*** Opening Given data ***

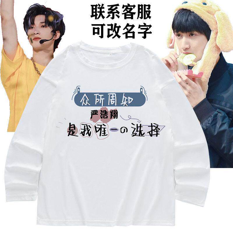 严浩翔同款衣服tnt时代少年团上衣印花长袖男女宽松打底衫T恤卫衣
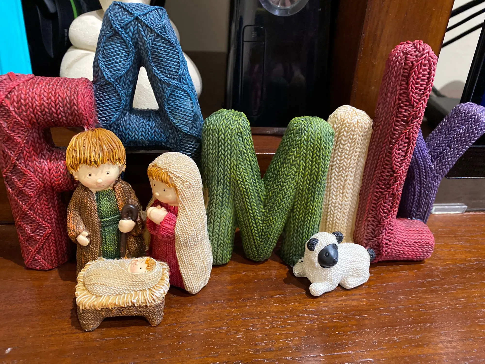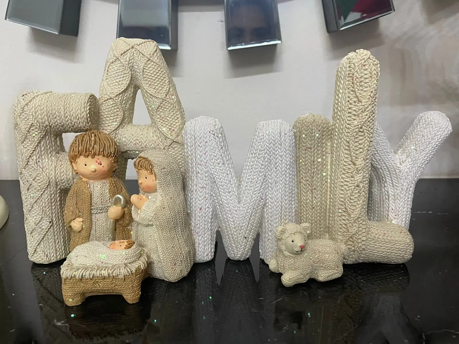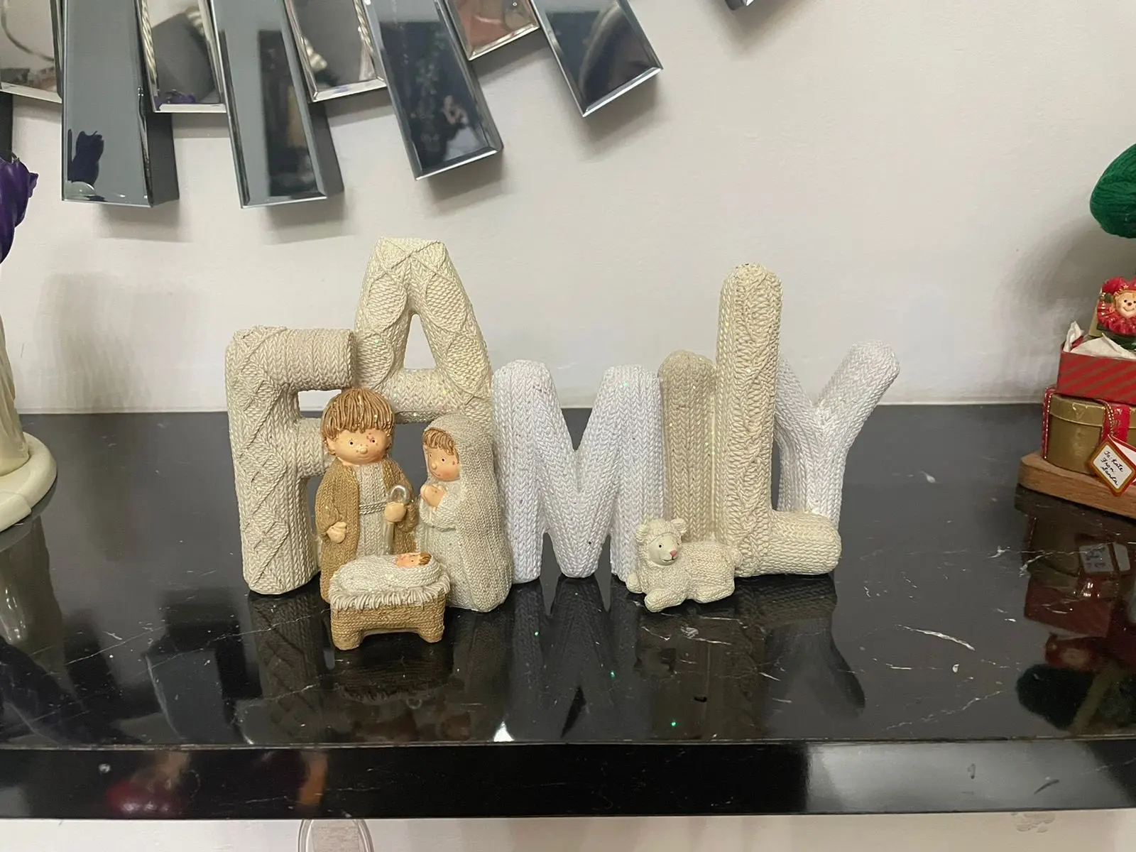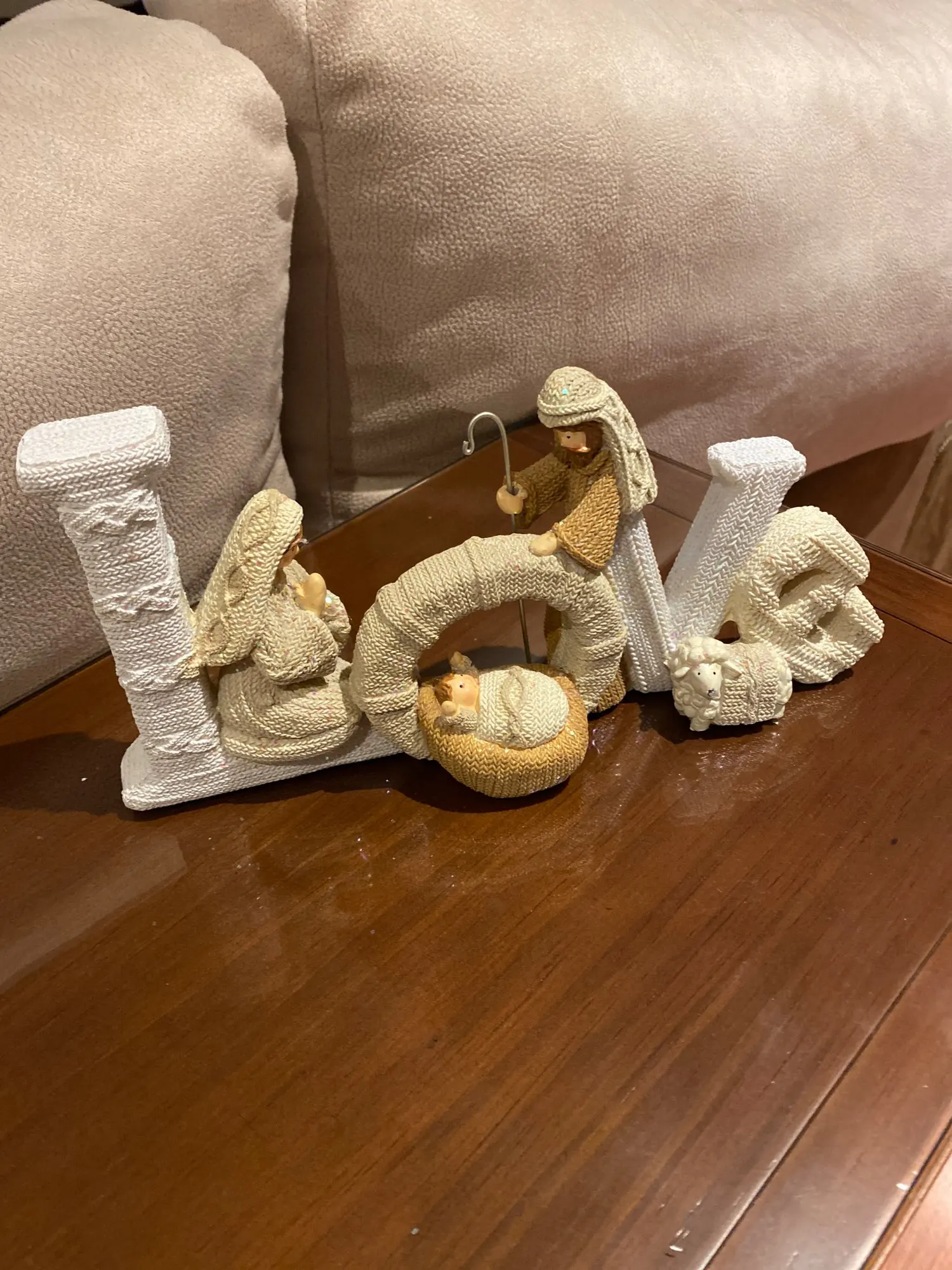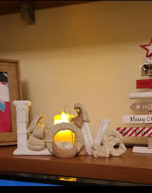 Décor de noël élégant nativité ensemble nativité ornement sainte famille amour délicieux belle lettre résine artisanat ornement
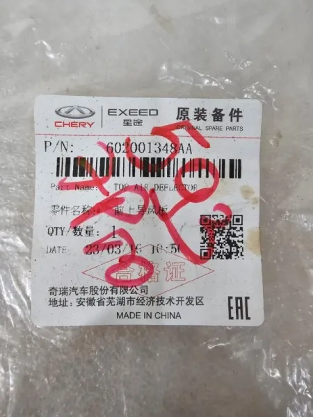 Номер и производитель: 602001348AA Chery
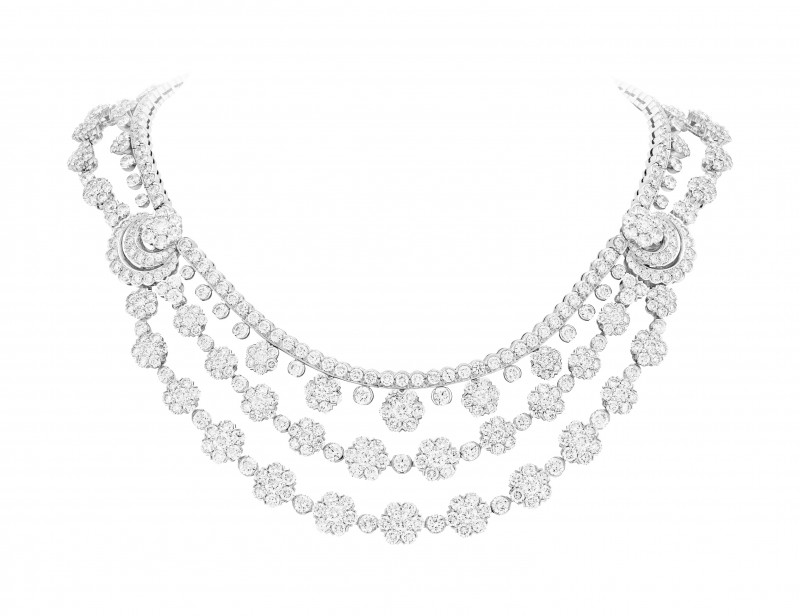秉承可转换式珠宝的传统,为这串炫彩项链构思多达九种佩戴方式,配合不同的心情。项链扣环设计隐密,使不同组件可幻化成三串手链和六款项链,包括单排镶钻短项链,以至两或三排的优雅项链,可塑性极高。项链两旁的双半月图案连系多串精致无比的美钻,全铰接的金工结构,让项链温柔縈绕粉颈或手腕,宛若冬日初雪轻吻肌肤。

*** Closing Given data ***

Directions for this task: Every line of the material must be repeated exactly; pictures stay out.

Output below:
 严浩翔同款衣服tnt时代少年团上衣印花长袖男女宽松打底衫T恤卫衣
 Décor de noël élégant nativité ensemble nativité ornement sainte famille amour délicieux belle lettre résine artisanat ornement
 Номер и производитель: 602001348AA Chery
秉承可转换式珠宝的传统,为这串炫彩项链构思多达九种佩戴方式,配合不同的心情。项链扣环设计隐密,使不同组件可幻化成三串手链和六款项链,包括单排镶钻短项链,以至两或三排的优雅项链,可塑性极高。项链两旁的双半月图案连系多串精致无比的美钻,全铰接的金工结构,让项链温柔縈绕粉颈或手腕,宛若冬日初雪轻吻肌肤。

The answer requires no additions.